I learned something when I spent a week at Fort Ticonderoga in Upstate New York, a few years ago, that I can share with you. Upon examining 17th and 18th century cannon at the fort alongside one of the costumed docents, I discovered that I did not know what point-blank means. For years, I have heard it heralded about on cop shows: “The victim was shot at point-blank range.” “The president was shot from point-blank range.” “They were shooting at each other at point-blank range.” I just thought it meant close, but there is a more distinct definition for the term. |
The docent informed me that from the fort walls, one of the cannon used could fire on almost any point of the two lakes or on any visible location of Fort Defiance at point-blank range. That shattered any idea of what the term meant for me since that seemed like long distances. I needed to find out a definition for a term I thought I already knew.
The term-blank dates all the way back to the 1500s. It probably comes from the French phrase, meaning “pointed at white”: Pointé a blanc (Pardon my French.).
It may have referred to the center of a target, which was likely a small white aiming spot. The term literally refers to the distance a bullet (or a cannon ball) can travel before gravity begins to pull it down. Point-blank means a gun can aim directly at a target without compensating for gravitational pull.
Sometimes we hear a verse of the Bible without really thinking about it. Sometimes we read a verse more often than other verses, and we fail to pause to really think about it. Romans 3:23 is one of those verses. We hear it quoted all the time, but how many of you think of it in regards to shooting a target? It says that all of us have sinned, and then it says we also all fall short of the glory of God. Friends, our target is Heaven; our goal is to spend eternity with Almighty God. Yet, we fall short of that target. As humans, we do not shoot at that target within point-blank range; only perfection gets us to the bull’s eye.

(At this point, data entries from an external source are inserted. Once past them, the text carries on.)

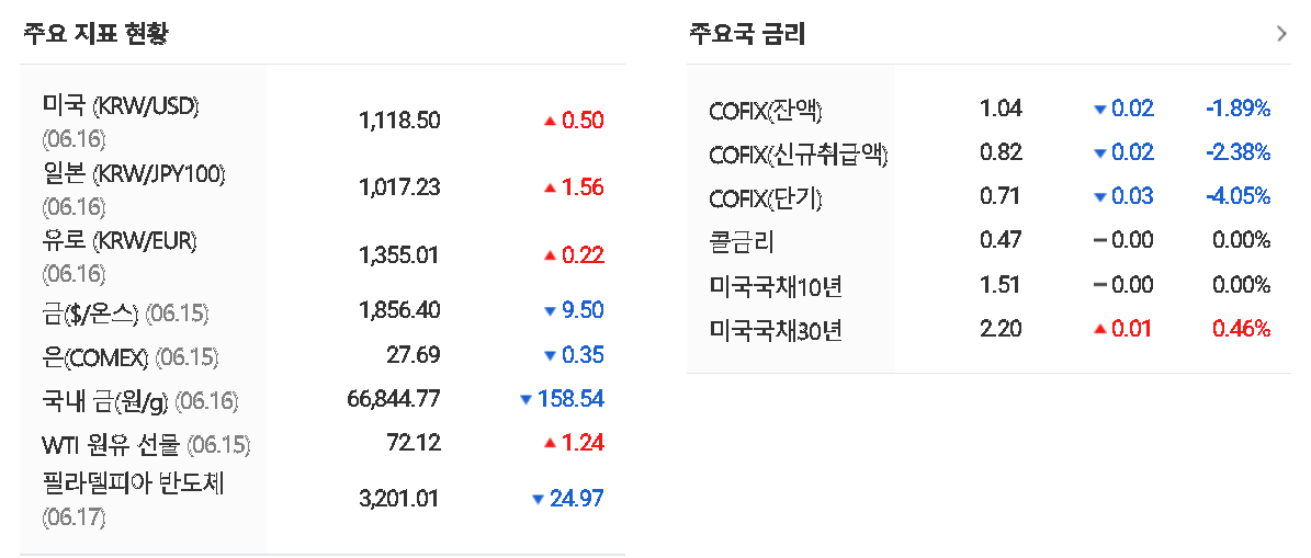2021.06.14 - [WhaleStockLab/Schedule] - 오늘의 증시일정 : 국내증시 미국증시 달러환율 금시세 금리 원유 선물
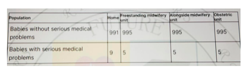 there are no differences in outcomes for the baby associated with planning birth in an alongside midwifery unit, a freestanding midwifery unit or an obstetric unit
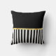 An elegant square throw pillow featuring vertical black and white stripes, embellished with a chic FAUX gold coloured stripe and a picture of a classy red ribbon style bow. Personalise it by adding the name of that special girl in your life. Flat printed image, NOT metallic or actual bow.
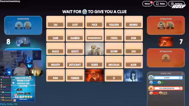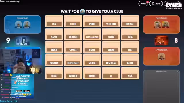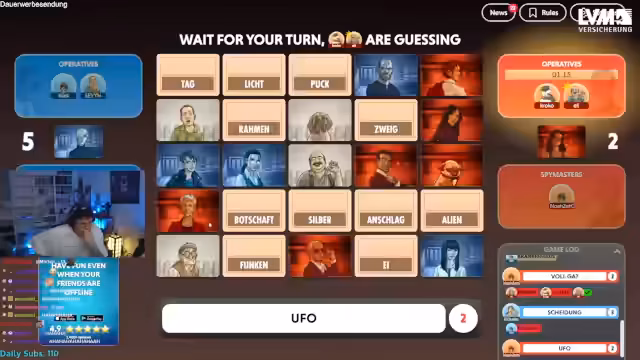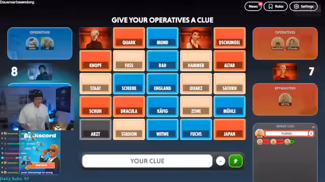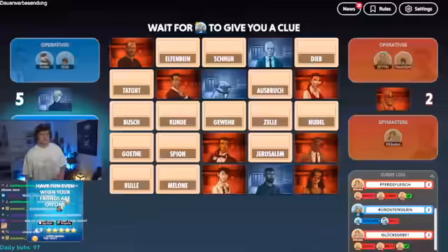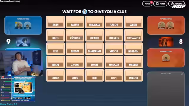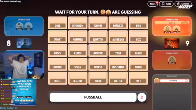 04:41:21Der Streamer übernimmt für die nächste Runde die Rolle des Spymasters für sein Team. Die Runde beginnt mit den Begriffen Zoll, Elfenbein, Schnur, Drucker, Dieb, Startort, Nummer, Schatten, Ausbruch, Bock und Pusch. Der Streamer gibt den Hinweis 'Fußball 2', worauf seine Mitspieler versuchen müssen, die zwei damit verbundenen Wörter zu identifizieren. Die Runde erfordert schnelles assoziatives Denken und eine enge Abstimmung, um die richtigen Begriffe zu treffen und falsche Markierungen zu vermeiden, die das Team sonst ins Spiel ausschließen würden.
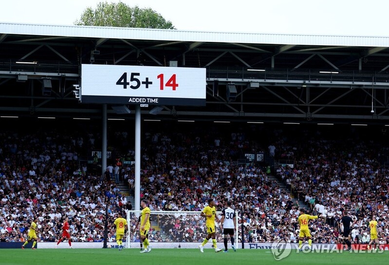 | ▲ 풀럼과 셰필드 경기에 나온 추가 시간 14분을 알리는 전광판 [로이터=연합뉴스] |
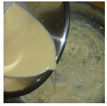 1、鸡蛋打散,依次加入淡奶油、牛奶、香草精,每加入一种都快速打发起泡,混合均匀
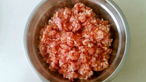 猪肉剁成肉糜,加入适量料酒,盐和味极鲜搅拌均匀
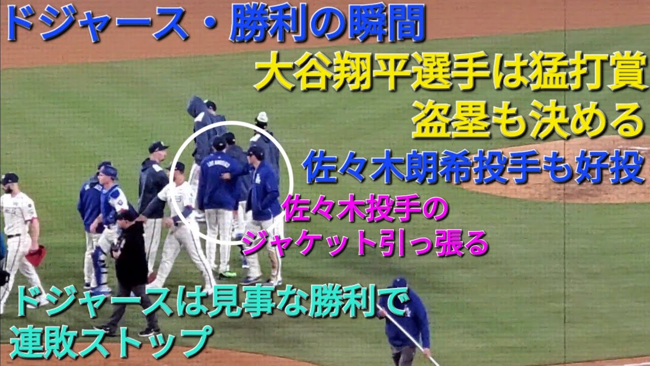 【ドジャース・勝利の瞬間】大谷翔平選手は猛打賞と盗塁を決めて大活躍⚾️佐々木朗希投手はナイスピッチング⚾️ドジャースは見事な勝利で連敗ストップ⚾️

All of us land short. We are pulled to the ground before get to the glory of God. We’re pulled by pressures and stresses. We’re pulled down by the company we keep. We’re pulled down by habits and addictions. We’re pulled down by aches fatigues. We’re constantly being influenced by the media – social, unsocial, mainstream. We’re pulled down by the gravity of hearsay and rumor, gossip and slander. If only we could fire our weapon with the assurance of striking the target, but again, only perfection gets us to the bull’s eye.
Thankfully, God understands, and He provides us a little boost. In the illustration, I suppose we could say the Holy Spirit is the aiming mechanism. The Spirit, through the Word of God, aims us at point-blank range toward the Father. We are the arrows – the bullets – who otherwise would fall short, but we achieve perfection when we are aimed at the target through His Son Jesus.